Prof. Vipin Kumar, a Regents Professor at the University of Minnesota, has wide-ranging research interests, which touch on several fields that have significant impact worldwide. His leadership as an educator in computer science and his authorship of foundational textbooks have shaped data mining and parallel computing curricula internationally. Below is an in-depth interview on the technologies he has had a hand in developing and how currently developing technology can help to solve world crises.

The isoefficiency metric you’ve developed is fundamental in evaluating parallel algorithms. How was this concept developed, and how has it evolved with the advent of modern computing architectures?

When we introduced the isoefficiency metric in the late 1980s, our goal was to provide a simple but powerful way to reason about scalability. Specifically, we wanted to answer the question: How much must the problem size grow as more processors are added in order to maintain constant efficiency? Efficiency here refers to the ratio of speedup obtained to the number of processors used.

It was already well understood that for a fixed task, the efficiency of parallel algorithm will continue to decrease as we increase the number of processors due to Amdahl’s Law: every task has some sequential component that limits scalability. Moreover, real parallel systems introduce communication overhead, which typically grows with the number of processors. These factors degrade efficiency as we increase processor count.

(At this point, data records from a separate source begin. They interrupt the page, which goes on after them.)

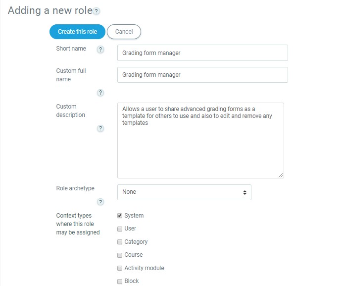 The custom role of Grading forms manager allows a user to share advanced grading forms (such as rubrics) as a template for others to use. It also allows them to edit and remove templates others have shared as well as their own. (If you only wish a user to share and manage their own templates, and not those others have created, then see the custom role Grading forms publisher)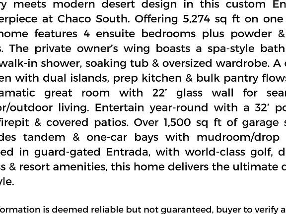 Luxury meets modern desert living in this custom Entrada masterpiece at Chaco South. Featuring 5,274 sq ft on one level, the home offers two private primary suites plus two additional ensuite bedrooms, powder & pool baths. The chef's kitchen with dual islands, prep kitchen & bulk pantry opens to a dramatic great room with 22' glass wall for seamless indoor/outdoor living. Entertain with a 32' pool, 7' spa, firepit & covered patios. Over 1,500 sq ft of garage space with tandem & single bays. Located in guard-gated Entrada with world-class golf, dining, fitness & resort amenities.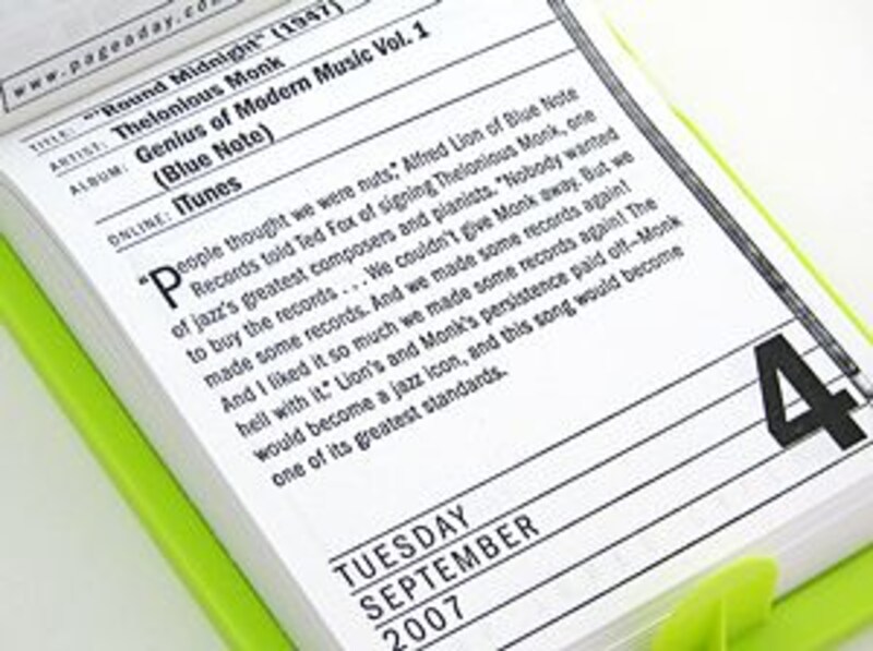 Workman Publishing社「365 Tunes Calender」(2289円)も、そういう、その日の情報を表示するタイプですが、このカレンダーが面白いのは、その情報が「曲」なのです。つまり、一日一曲、ロックやジャズ、ポピュラーミュージックを紹介してくれます。しかも、その曲はiTunesでダウンロードして聴ける曲ばかりなので、カレンダーを見て興味が湧けば、すぐに聴くことさえ出来るわけです。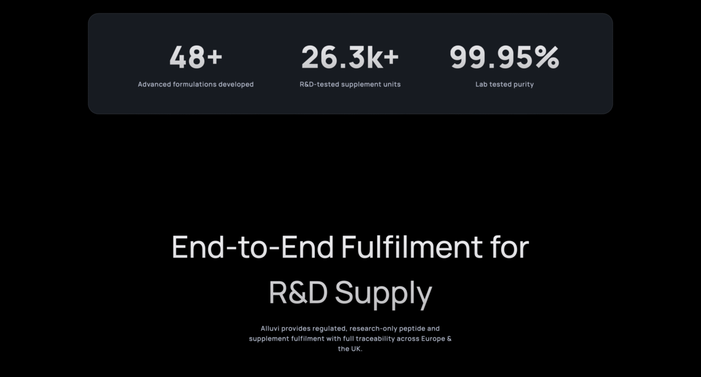 Eliminate uncertainty with unverified vendors. Alluvi ensures compliant, batch-tested peptides and compounds for non-human research, supported by fast UK & EU dispatch and documented supply chain integrity.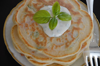 For tiden ser vi tykke pandekager overalt, altså ikke sådan bogstaveligtalt – men vi drømmer og tænker på dem. De er så lækre specielt med sirup og bær på. Til aftensmad ville vi spise et lidt sundere alternativ til de lækre dessert/brunch pandekager, og vi spekulererede derfor i hvad vi kunne tilsætte. Det blev til forårsløg og tomater, man ville helt sikkert også kunne komme spinat, svampe, squash, aubergine eller fx revet kartoffel i. Pandekagerne fungerede som tilbehør til laksefrikadeller, hvor vi også havde lavet en krydderdressing til med bl.a frisk basilikum og persille. De blev lige som vi ville have dem tykke, svampede og uimodståelige :-).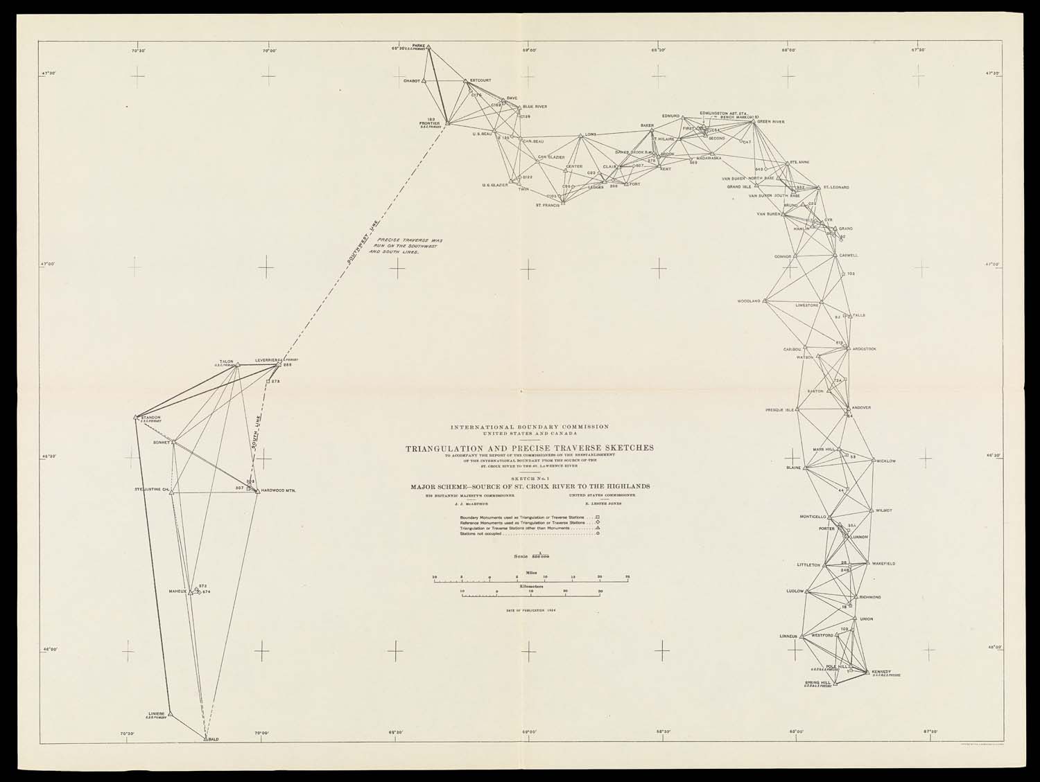 Name: International Boundary Commission United States and Canada Triangulation and precise traverse sketches to accompany the report of the commissioners on the reestablishment of the international boundary from the source of the St. Croix River to the St. Lawrence River Sketch No. 1 Major Scheme - Source of St. Croix River to the Highlands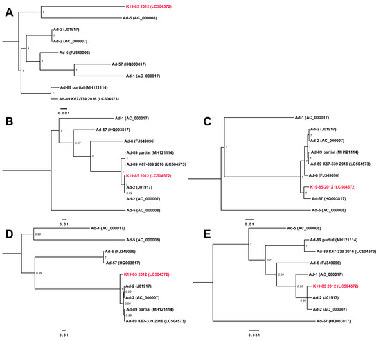 Phylogenetic trees considering the effects of detected recombination events. The Bayesian posterior probability supporting the branching is shown adjacent to the nodes. (A) Phylogenetic tree considering the section of the genome in K19-85-2012 detected as not recombinant with a length of 27,064 bp. Other phylogenetic trees correspond to sections of the genome for (B) event 1: 2527 bp, (C) event 2: 3685 bp, (D) event 3: 1527 bp, and (E) event 4: 1131 bp. See Table 2 and Figure 4B. Tip names of the recombinant genome sequences from the present study are colored in red.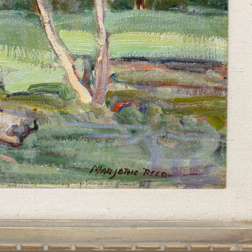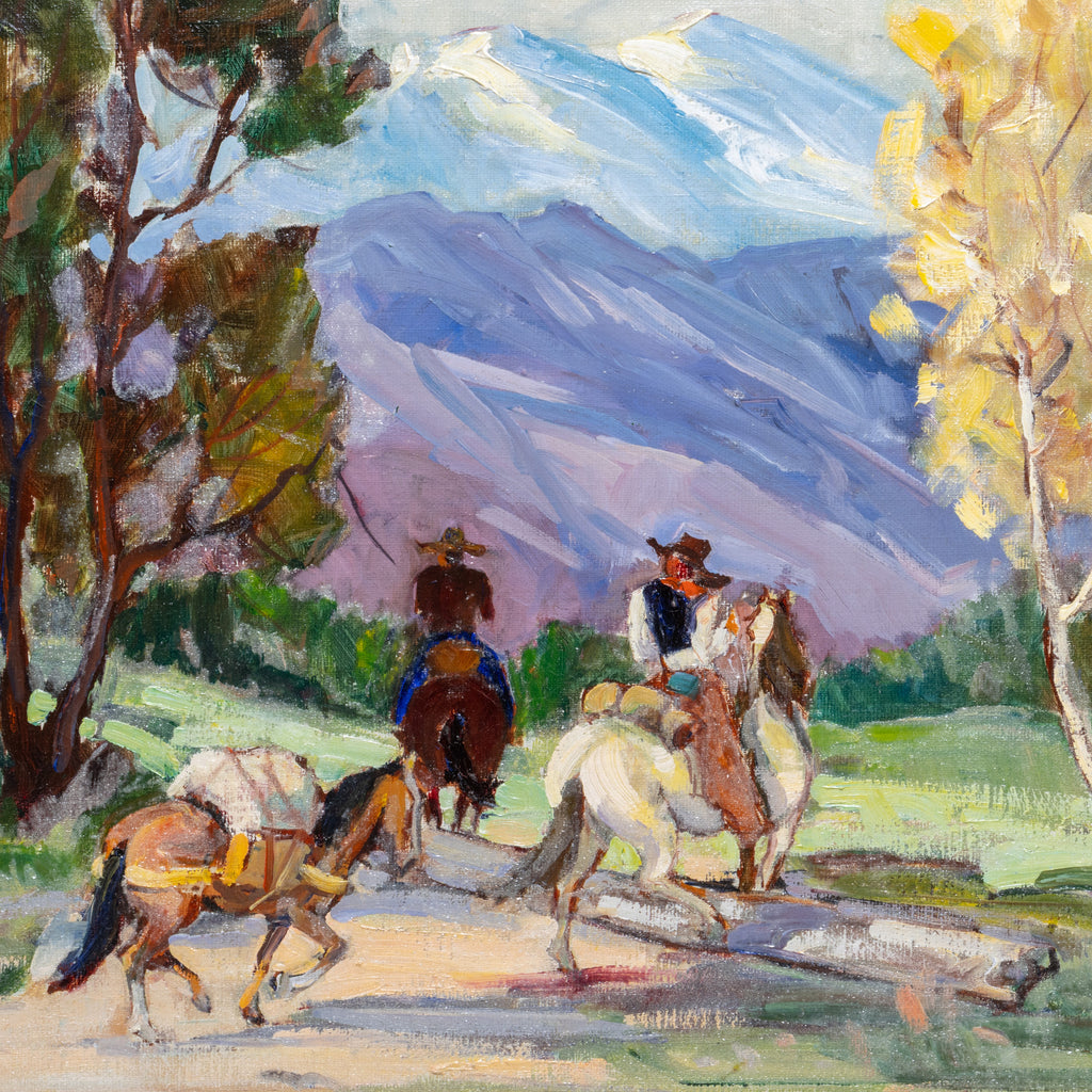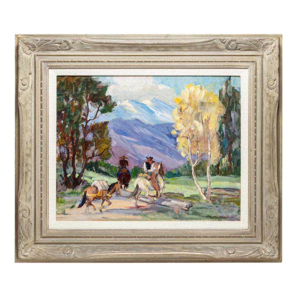 Pack Train by Marjorie Reed. 1915-1996. Oil on canvas. 16" x 20", frame 28" x 24". Purchased directly from the artist in 1946.

However, we also observed that in well-designed parallel algorithms, both the sequential fraction and the relative communication overhead tend to decrease for larger problem instances. This insight led to the isoefficiency function, which captures the rate at which the problem size must grow to keep efficiency fixed as the number of processors increases. The slower the problem size needs to grow, the better the scalability. Rather than evaluating algorithms on a fixed machine configuration, which can be misleading as systems scale, the isoefficiency framework allows us to compare algorithms based on their inherent scalability, independent of specific architectures.

The idea of the isoefficiency function actually emerged from our efforts to explain the scalability of a new parallel algorithm for state-space search that we developed in 1987. This algorithm achieved near-linear speedup on a 1,024-processor nCube system and received Honorable Mention in the 1987 Gordon Bell Award competition. From this early success, the isoefficiency framework grew into a general methodology that proved instrumental in guiding the development of truly scalable parallel algorithms. Later, it was pivotal in addressing a long-standing challenge in sparse Cholesky factorization, where existing parallel algorithms failed to scale beyond a few dozen processors. Guided by isoefficiency analysis, we restructured the algorithm to minimize communication overhead, enabling it to scale on distributed-memory systems. This work was recognized with the Outstanding Student Paper Award at Supercomputing ’94, and enabled, for the first time, factorization of million-by-million sparse matrices. The resulting algorithm became the computational core of simulation software used in automotive crash analysis, structural mechanics, and other large-scale engineering applications.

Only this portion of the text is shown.